Is it a problem that the node tags and hence edge pairs are not sequential starting from 1? However, I am comparing graphs with string labels. I build a dictionary to store the strings and replace each string with an integer. Some nodes are exclusively found in some graphs and absent in others. Therefore those node tags are missing.
Thanks again for your support!

The sequential labelling is not causing the problem.

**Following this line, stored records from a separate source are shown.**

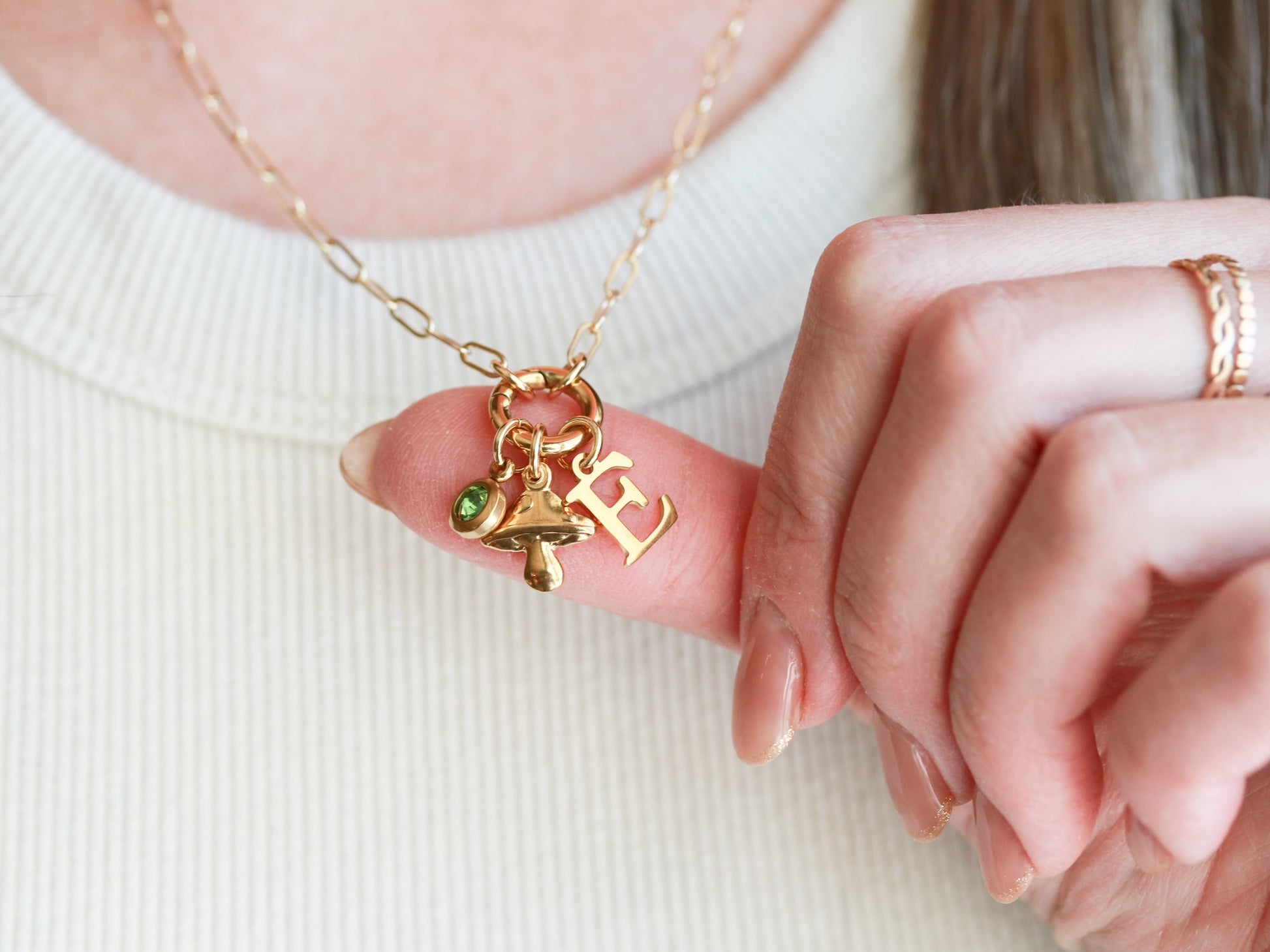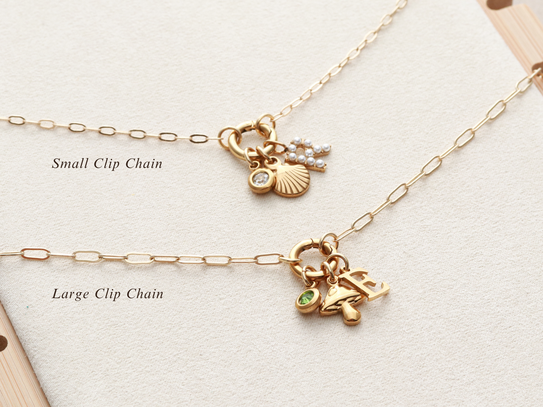 Notre collier à breloques avec anneau à ressort est composé d'une chaîne à clip en or rempli 14 carats et d'un support robuste pour breloques, idéal pour créer un bijou véritablement personnalisé. Les breloques sont en acier inoxydable plaqué or 14 carats-18 carats, résistantes à l'eau, au ternissement et durables. L'anneau à ressort s'ouvre et se referme grâce à une charnière, permettant ainsi leur interchangeabilité.
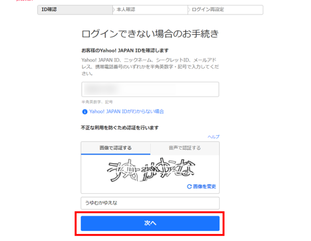 - 登録したメールアドレスまたは携帯電話番号を入力します。 これが、確認手続きに使われる情報です。
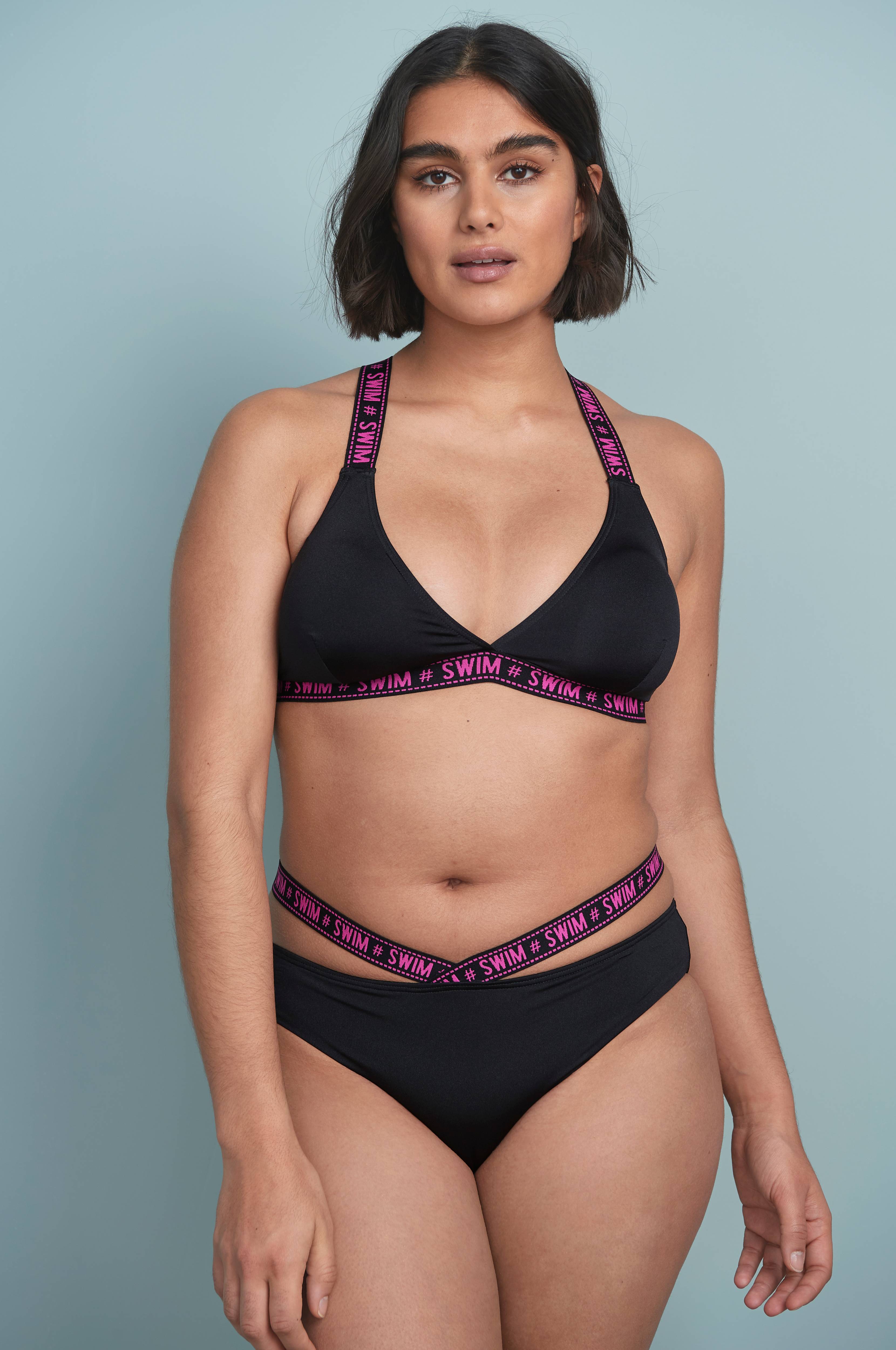 Bikinibuks Viola er en helforet trusse med logobånd over taljen.
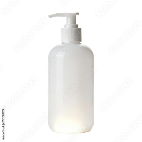 © Jiranath, Fototapeta premium Clean white dispenser bottle for soap or lotion. Blank plastic mockup container simple transparency background
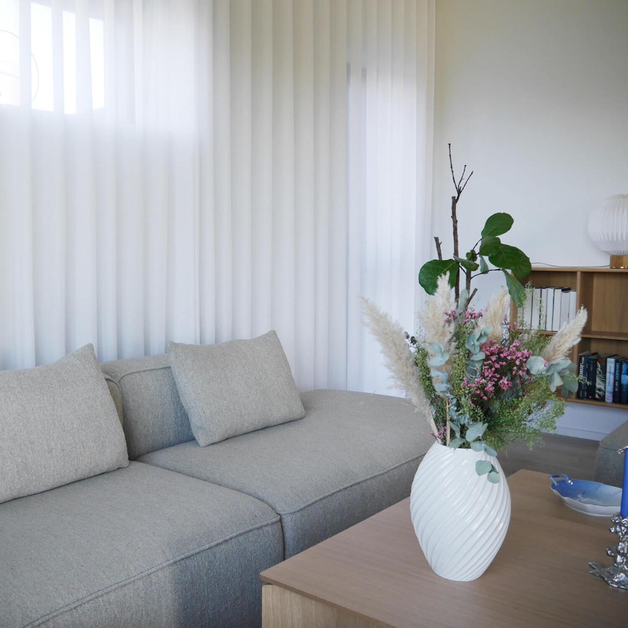 Katrines nye semi-transparente stofgardiner har nu en anden funktion sammenlignet med de tykke velourgardiner, hun tidligere har haft. HVIDE STOFGARDINER med semi-transparente egenskaber giver et andet lysspil i boligen og tillader mere lys. Lyse stofgardiner får i sig selv rum til synes større og mere rummelige.
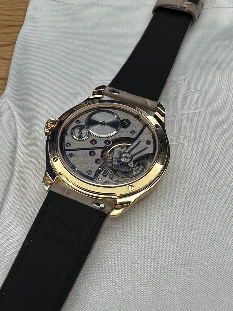 Au dos, le calibre 135 se laisse admirer sous un fond saphir. La décoration, retravaillée par rapport à l’édition anniversaire précédente, revient à des codes plus classiques avec de larges Côtes de Genève, des anglages soignés à la main et une finition ruthénium sombre relevée de gravures dorées. Là encore, Zenith semble avoir cherché la cohérence plutôt que la démonstration. Ce mouvement n’est pas seulement montré, il est mis en scène comme la raison d’être de la montre. C’est sans doute là que réside la vraie réussite de cette G.F.J. : elle ne plaque pas un beau dessin sur une belle mécanique, elle construit une montre entière autour d’une culture de la chronométrie.
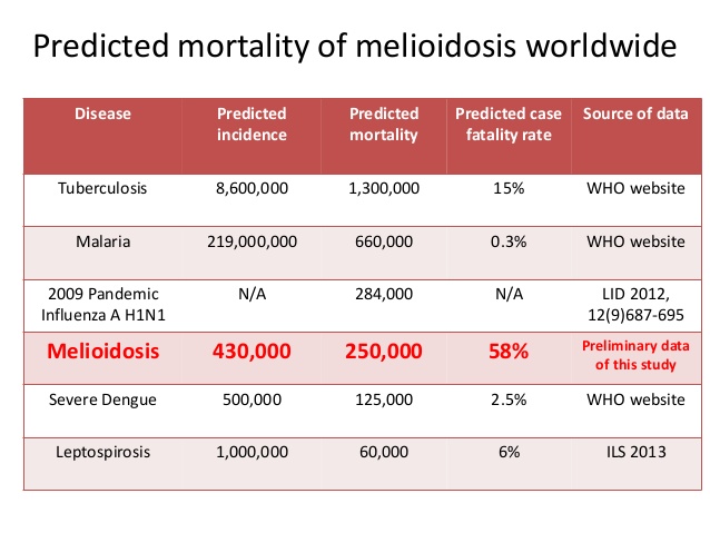 117.Suputtamongkol Y, Hall AJ, Dance DA, et al. (1994). "The epidemiology of melioidosis in Ubon Ratchatani, Northeast Thailand". International Journal of Epidemiology. 23 (5): 1082–1089. doi:10.1093/ije/23.5.1082. PMID 7860160.

So, the error persists even when I reorder the graphs and they look like this after passing them through the GNNGraph function:

New graph
Number of nodes: 81
Number of node tags: 81
Node tags: [0, 1, 2, 3, 4, 5, 6, 7, 8, 9, 10, 11, 12, 13, 14, 15, 16, 17, 18, 19, 20, 21, 22, 23, 24, 25, 26, 27, 28, 29, 30, 31, 32, 33, 34, 35, 36, 37, 38, 39, 40, 41, 42, 43, 44, 45, 46, 47, 48, 49, 50, 51, 52, 53, 54, 55, 56, 57, 58, 59, 60, 61, 62, 63, 64, 65, 66, 67, 68, 69, 70, 71, 72, 73, 74, 75, 76, 77, 78, 79, 80]
Node tags type: <class 'list'>
Node feature length: 81
Node feature type: <class 'numpy.ndarray'>
Node features: [[ 1.7591]
 [ 8.2386]
 [ 2.5039]
 [ 1.5928] and so on]
Number of edges: 1645
Length edge pairs: 3290
Type of edge pairs: <class 'numpy.ndarray'>
Edge pairs: [ 0  1  0 ... 63 80 64]
Label: 1

If I remove the assert statements to track the real error message afterwards, I get:

n2n_sp = torch.sparse.FloatTensor(n2n_idxes, n2n_vals, torch.Size([total_num_nodes, total_num_nodes]))
RuntimeError: size is inconsistent with indices: for dim 0, size is 49781 but found index 94661596694512

I found the following thread but I am working with the most recent PyTorch version:
https://discuss.pytorch.org/t/runtimeerror-sizes-is-inconsistent-with-indices-pytorch-0-4-1/94181
Many thanks for your help, Muhan!

If the txt way works, can you check what are different between a direct networkx graph and a networkx graph transformed from txt format? For example, select the same graph, check the differences in node tags, feature lengths, number types, etc. I guess there are some subtle reasons causing some discrepancy between the two ways.